Source records:
>>>

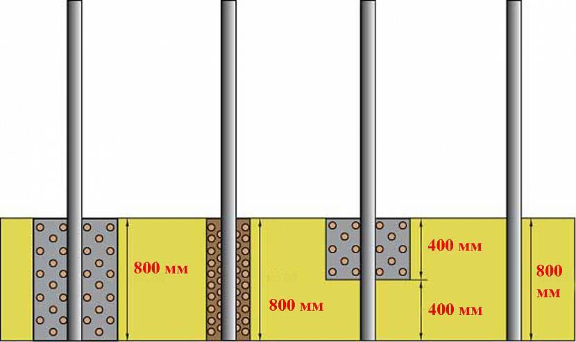 - полное бетонирование – самый оптимальный способ установки опор для всех видов заборов, кроме массивных и тяжёлых: кирпичных, каменных, бетонных;
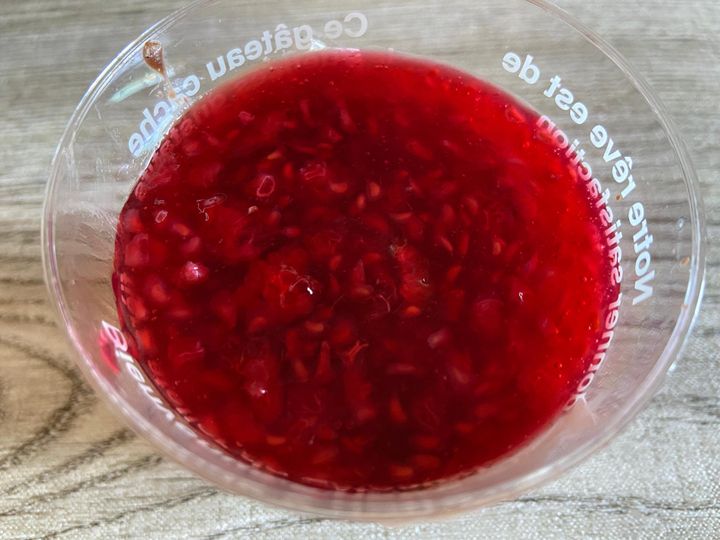 ジュレだけ食べてみると、爽やかな酸味とベリーの風味が濃くてとってもおいしい!プチっと弾ける種の食感もいいですね。
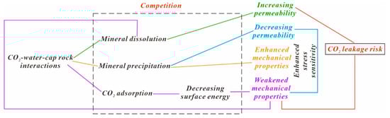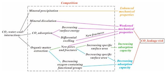 The rock properties vary greatly when changing chemical compositions, and the integrity of caprocks is consistently a critical issue for CO2 sequestration. An increase in the permeability of caprocks also leads to the CO2 leakage risk. As the caprocks of coal are generally shale, siltstone, and sandstone, the changes in the properties of these rocks after CO2 treatment indicate the integrity of caprocks for CO2 sequestration in coal. Variations in mechanical properties and permeability induced by CO2–water interaction depend on the competition of multiple effects (Figure 6): (1) Weakened mechanical properties and decreased permeability due to CO2 adsorption [,,,]. (2) Weakened mechanical properties due to moisture loss in pores []. (3) Weakened mechanical properties and increased permeability induced by mineral dissolution, and enhanced mechanical strength and decreased permeability due to precipitation [,,,,,,,,]. (4) Increased stress sensitivity due to weakened mechanical properties [,].
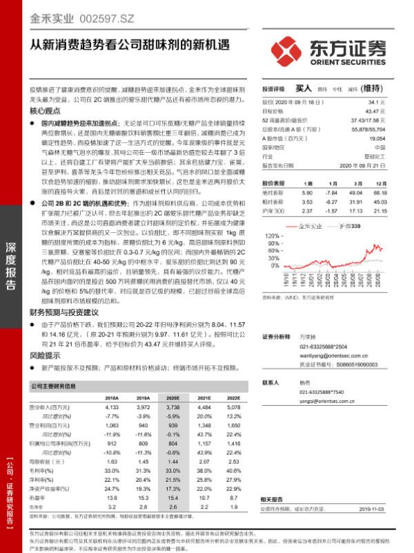 【东亚前海证券】【20220927】甜味剂龙头扩大布局,无糖理念拉动需求——金禾实业(002597.SZ)首次覆盖报告-25页 行业研究
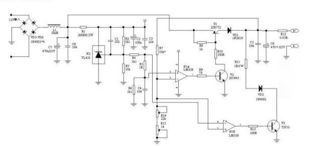 220V市電經變壓器降壓后,得到12V左右的不穩定交流電壓,該電壓經VD3-VD6整流,經L1、C7濾波后,得到不穩定的12V直流電,N2、R1-R6、C2構成穩壓電路,其輸出為穩定的5V電源,該電源提供給LM358運算放大器,作為LM358的電源使用。N2的第一腳為恒定的2.5V,作為基準電壓經分壓后提供給LM358作比較用。
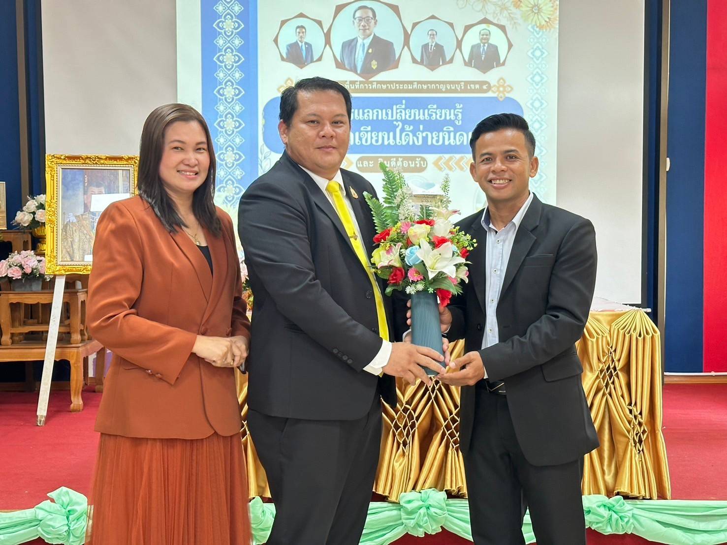 วันที่ 9 พฤษภาคม 2567 นายวิโรจน์ ค้อไผ่ ผู้อำนวยการ สพป.กาญจนบุรี เขต 4 มอบหมายให้นายบรรพจน์ ทัพซ้าย รองผู้อำนวยการ สพป.กาญจนบุรี เขต 4 พร้อมด้วยนางสาวสัทธา สืบดา ผู้อำนวยการกลุ่มนิเทศ ติดตามและประเมินผลฯ เข้าร่วมการประชุมเชิงปฏิบัติการแลกเปลี่ยนเรียนรู้กิจกรรม "อ่านออกเขียนได้ง่ายนิดเดียว" ปีการศึกษา 2567 และร่วมแสดงความยินดีต้อนรับศึกษานิเทศก์ที่ได้รับบรรจุแต่งตั้ง จำนวน 3 ราย ได้แก่ นางสาวกชพร เขมะนุเชษฐ์, นายคมสรร วิเศษสิงห์ และนางสาวพงษ์ลัดดา แสงจันทร์ โดยมีโรงเรียนบ้านหนองสาหร่าย, โรงเรียนบ้านทุ่งโป่งและโรงเรียนบ้านหนองม่วง เข้าร่วมการแลกเปลี่ยนเรียนรู้ ณ ห้องประชุม 2 สพป.กาญจนบุรี เขต 4
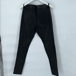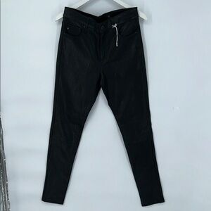 These are AG Farrah Skinny Leather Pants, not faux leather. Lamb leather + Made in Italy = premium tier.
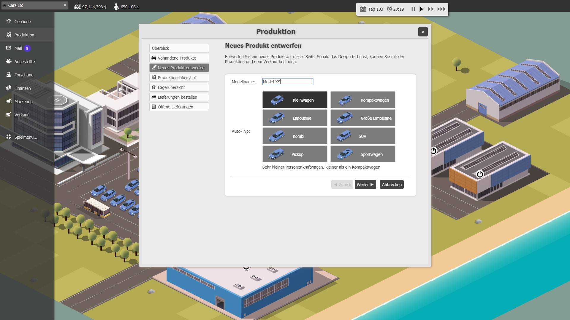 Beginnen Sie mit der Gründung einer Firma: Wählen Sie zunächst aus, was produziert werden soll. Sie können beispielsweise Autos entwerfen (Verbrennungsmotor, Elektroauto, Hybridfahrzeug) und anschließend produzieren, vermarkten und verkaufen. Andere Arten von Produkten sind Lastwagen, Telefone, Computer, Schiffe, Flugzeuge, Panzer und sogar Raketen. Wenn Sie erfolgreich sind, können Sie sogar mehr Unternehmen gründen und gleichzeitig betreiben.
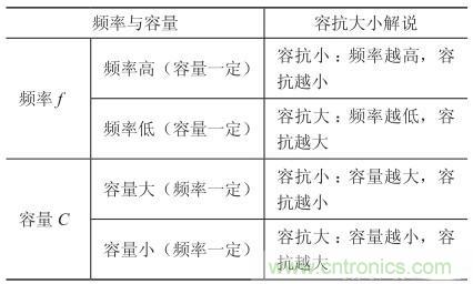 表1-2給出了容抗、頻率、容量三者之間關系的小結。
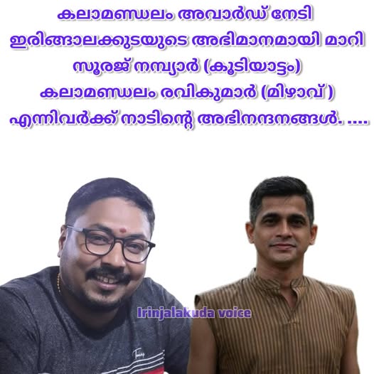 കലാമണ്ഡലം അവാർഡ് നേടി ഇരിങ്ങാലക്കുടയുടെ അഭിമാനമായി മാറിയ സൂരജ് നമ്പ്യാർ (കൂടിയാട്ടം)കലാമണ്ഡലം രവികുമാർ (മിഴാവ് ) എന്നിവർക്ക് നാടിന്റെ അഭിനന്ദനങ്ങൾ. ….
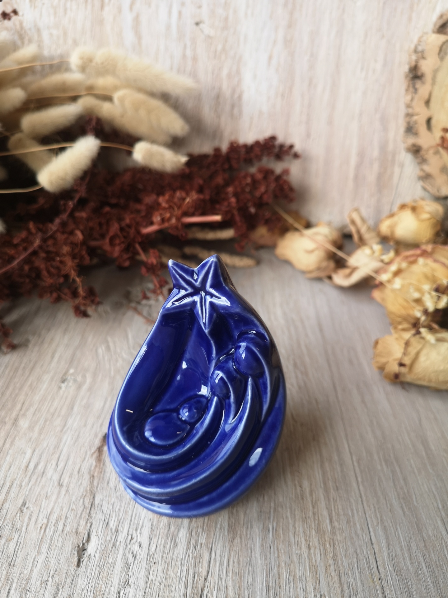 Escultura decorativa em cerâmica azul brilhante sobre madeira clara com flores secas ao fundo
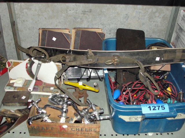 Shelf lot of misc items; tools, vintage faucet tap

<<<

All records must be output exactly as they are, except for the pictures, which are left out.

 - полное бетонирование – самый оптимальный способ установки опор для всех видов заборов, кроме массивных и тяжёлых: кирпичных, каменных, бетонных;
 ジュレだけ食べてみると、爽やかな酸味とベリーの風味が濃くてとってもおいしい!プチっと弾ける種の食感もいいですね。
 The rock properties vary greatly when changing chemical compositions, and the integrity of caprocks is consistently a critical issue for CO2 sequestration. An increase in the permeability of caprocks also leads to the CO2 leakage risk. As the caprocks of coal are generally shale, siltstone, and sandstone, the changes in the properties of these rocks after CO2 treatment indicate the integrity of caprocks for CO2 sequestration in coal. Variations in mechanical properties and permeability induced by CO2–water interaction depend on the competition of multiple effects (Figure 6): (1) Weakened mechanical properties and decreased permeability due to CO2 adsorption [,,,]. (2) Weakened mechanical properties due to moisture loss in pores []. (3) Weakened mechanical properties and increased permeability induced by mineral dissolution, and enhanced mechanical strength and decreased permeability due to precipitation [,,,,,,,,]. (4) Increased stress sensitivity due to weakened mechanical properties [,].
 【东亚前海证券】【20220927】甜味剂龙头扩大布局,无糖理念拉动需求——金禾实业(002597.SZ)首次覆盖报告-25页 行业研究
 220V市電經變壓器降壓后,得到12V左右的不穩定交流電壓,該電壓經VD3-VD6整流,經L1、C7濾波后,得到不穩定的12V直流電,N2、R1-R6、C2構成穩壓電路,其輸出為穩定的5V電源,該電源提供給LM358運算放大器,作為LM358的電源使用。N2的第一腳為恒定的2.5V,作為基準電壓經分壓后提供給LM358作比較用。
 วันที่ 9 พฤษภาคม 2567 นายวิโรจน์ ค้อไผ่ ผู้อำนวยการ สพป.กาญจนบุรี เขต 4 มอบหมายให้นายบรรพจน์ ทัพซ้าย รองผู้อำนวยการ สพป.กาญจนบุรี เขต 4 พร้อมด้วยนางสาวสัทธา สืบดา ผู้อำนวยการกลุ่มนิเทศ ติดตามและประเมินผลฯ เข้าร่วมการประชุมเชิงปฏิบัติการแลกเปลี่ยนเรียนรู้กิจกรรม "อ่านออกเขียนได้ง่ายนิดเดียว" ปีการศึกษา 2567 และร่วมแสดงความยินดีต้อนรับศึกษานิเทศก์ที่ได้รับบรรจุแต่งตั้ง จำนวน 3 ราย ได้แก่ นางสาวกชพร เขมะนุเชษฐ์, นายคมสรร วิเศษสิงห์ และนางสาวพงษ์ลัดดา แสงจันทร์ โดยมีโรงเรียนบ้านหนองสาหร่าย, โรงเรียนบ้านทุ่งโป่งและโรงเรียนบ้านหนองม่วง เข้าร่วมการแลกเปลี่ยนเรียนรู้ ณ ห้องประชุม 2 สพป.กาญจนบุรี เขต 4
 These are AG Farrah Skinny Leather Pants, not faux leather. Lamb leather + Made in Italy = premium tier.
 Beginnen Sie mit der Gründung einer Firma: Wählen Sie zunächst aus, was produziert werden soll. Sie können beispielsweise Autos entwerfen (Verbrennungsmotor, Elektroauto, Hybridfahrzeug) und anschließend produzieren, vermarkten und verkaufen. Andere Arten von Produkten sind Lastwagen, Telefone, Computer, Schiffe, Flugzeuge, Panzer und sogar Raketen. Wenn Sie erfolgreich sind, können Sie sogar mehr Unternehmen gründen und gleichzeitig betreiben.
 表1-2給出了容抗、頻率、容量三者之間關系的小結。
 കലാമണ്ഡലം അവാർഡ് നേടി ഇരിങ്ങാലക്കുടയുടെ അഭിമാനമായി മാറിയ സൂരജ് നമ്പ്യാർ (കൂടിയാട്ടം)കലാമണ്ഡലം രവികുമാർ (മിഴാവ് ) എന്നിവർക്ക് നാടിന്റെ അഭിനന്ദനങ്ങൾ. ….
 Escultura decorativa em cerâmica azul brilhante sobre madeira clara com flores secas ao fundo
 Shelf lot of misc items; tools, vintage faucet tap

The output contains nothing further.